Income above 150% of the poverty guideline

Income above 100% of the poverty guideline

3. Eligibility for New Borrowers

Available to all Direct Loan borrowers with PFH

Available to all Direct Loan borrowers

Requires borrowing after Oct. 1, 2007, and a Direct Loan disbursement after Oct. 1, 2011

Available to all Direct Loan borrowers, including Parent PLUS (if consolidated)

4. Parent PLUS Loan Eligibility

Yes, but only if consolidated through double consolidation

Yes, but only if consolidated through double consolidation

Yes, but only if consolidated through double consolidation

Yes, but only via consolidation into a Direct Loan

5. Forgiveness Timeline

25 years (graduate loans); 20 years (undergrad loans, if SAVE unavailable)

20 years (undergraduate loans); 25 years (graduate loans)

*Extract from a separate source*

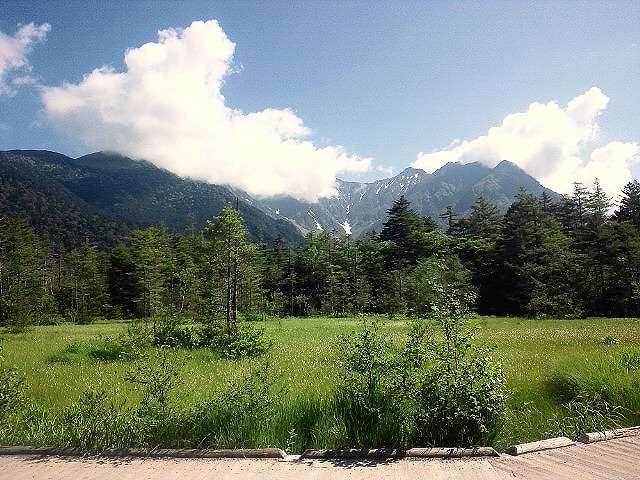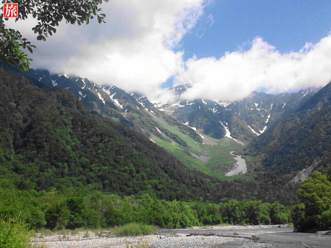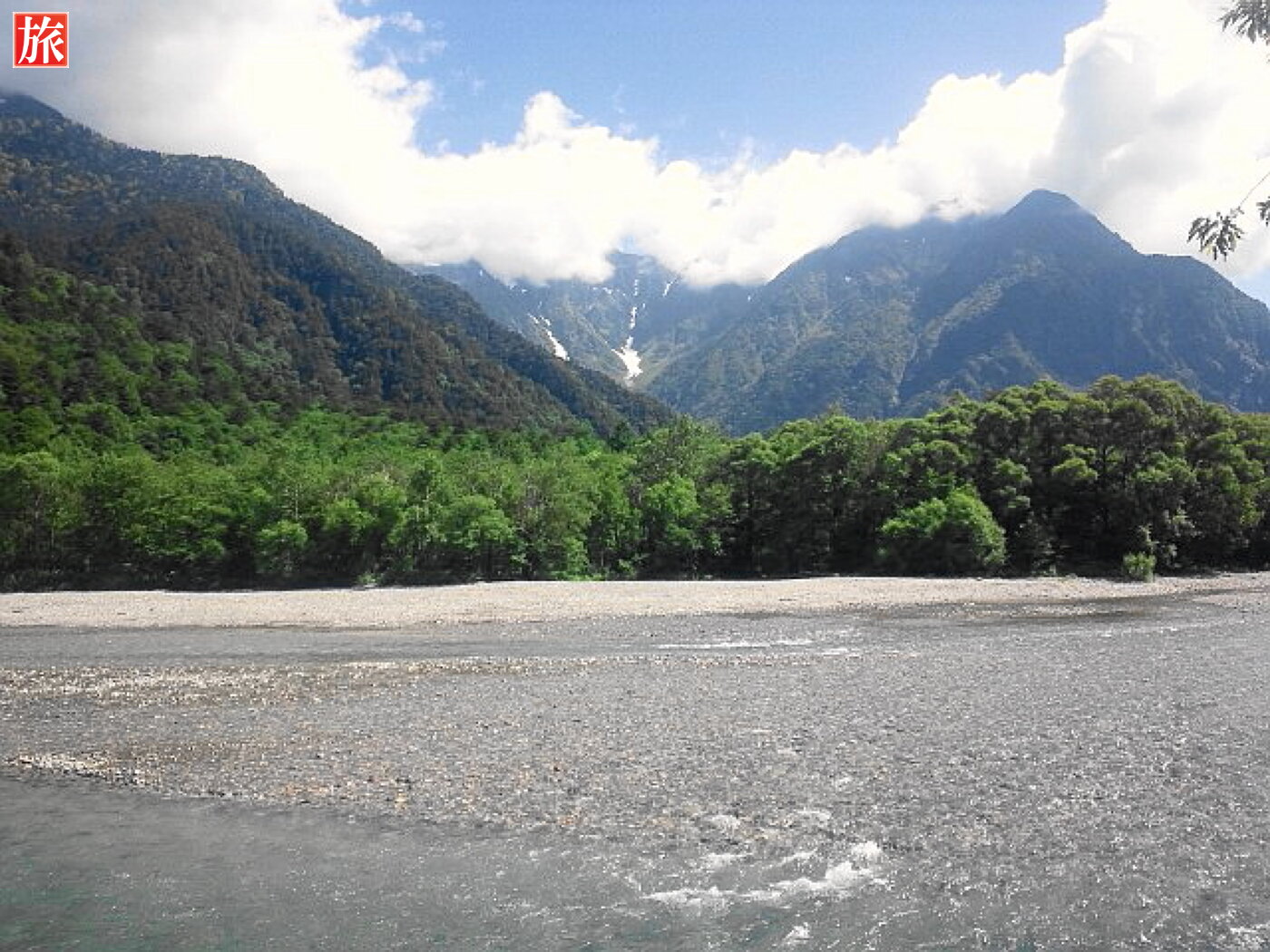 さらに梓川を上流に向かいます。青空と雲にかかる山々。穂高岳方向の風景。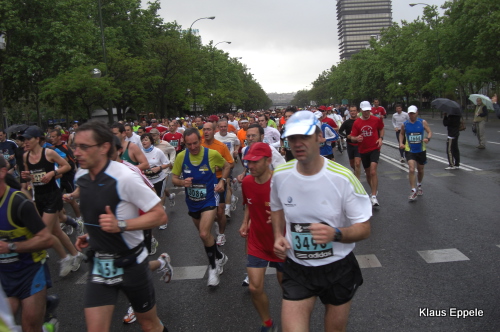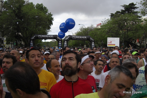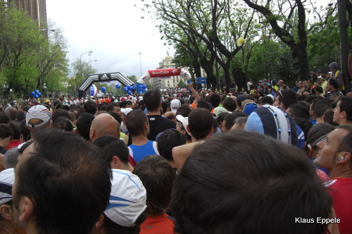 ohne Frühstück und ohne die sonst üblichen Marathon-spezifischen Vorbereitungen. Ca. 20 Minuten später komme ich zum Startbereich auf dem Passeo de Recoletos und mische mich wegen der niedrigen Temperaturen

20 years for most borrowers

25 years

6. Interest Subsidy

None

Covers unpaid interest for borrowers with payments below accruing interest

None

None

7. Income Recertification

Annually

Annually

Annually

Annually

8. Best For

Borrowers with higher debt-to-income ratios

Borrowers seeking lowest payments and interest subsidies

Newer borrowers with high debt and lower incomes

Borrowers with consolidated Parent PLUS loans

IBR Calculator Estimate Accuracy

Federal student loans are unlike any other type of consumer lending. They involve countless variables—program changes, deferments, consolidations, and shifting repayment plans—that can drastically alter your loan’s costs and timeline over time. Unlike fixed loans like mortgages or car loans, student loans are dynamic and adapt to your circumstances.

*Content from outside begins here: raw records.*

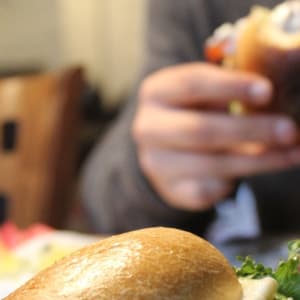 Fisk och skaldjur, grillat, caesarsallad, hamburgertallrikar.
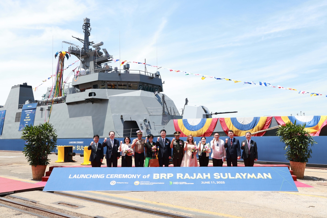 HD현대중공업은 11일 울산 본사에서 2400톤급 필리핀 원해경비함 1번함 ‘라자 술라이만함’ 진수식을 거행했다고 12일 밝혔다.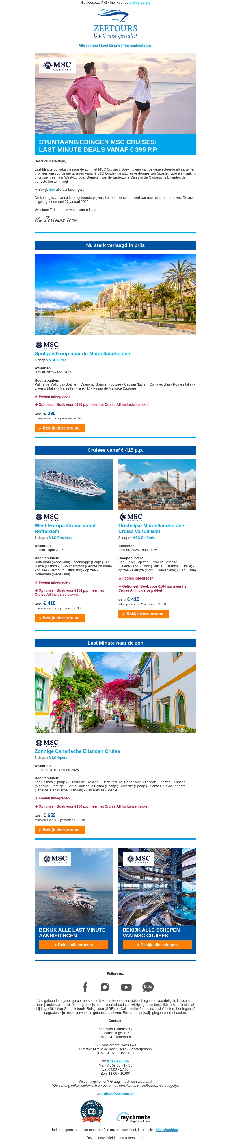 Laat je meevoeren op een onvergetelijke reis met de last minute deals van MSC Cruises. Vanaf slechts €395 p.p. kun je genieten van prachtige bestemmingen zoals de Middellandse Zee en West-Europa. Boek nu en profiteer van speciale aanbiedingen en voordelige prijzen.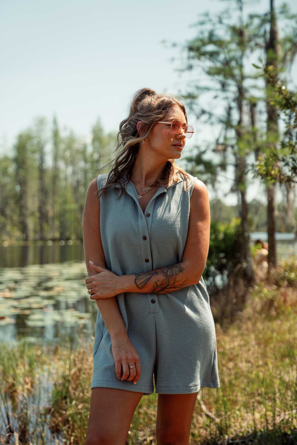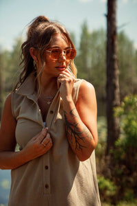 Brittney is 5'7 and wearing a size M romper. (Shown in Oak and Slate Blue)

Our calculator is designed to help you understand your immediate monthly payment options. It can estimate longer-term scenarios, but most borrowers experience changes throughout repayment, such as pauses, plan adjustments, or policy updates, which may impact your total costs and repayment timeline.

For a more comprehensive analysis, consider using the U.S. Department of Education’s Loan Simulator on StudentAid.gov to supplement your estimates. Both tools provide valuable insights, but real-world repayment often includes twists and turns calculators can’t predict.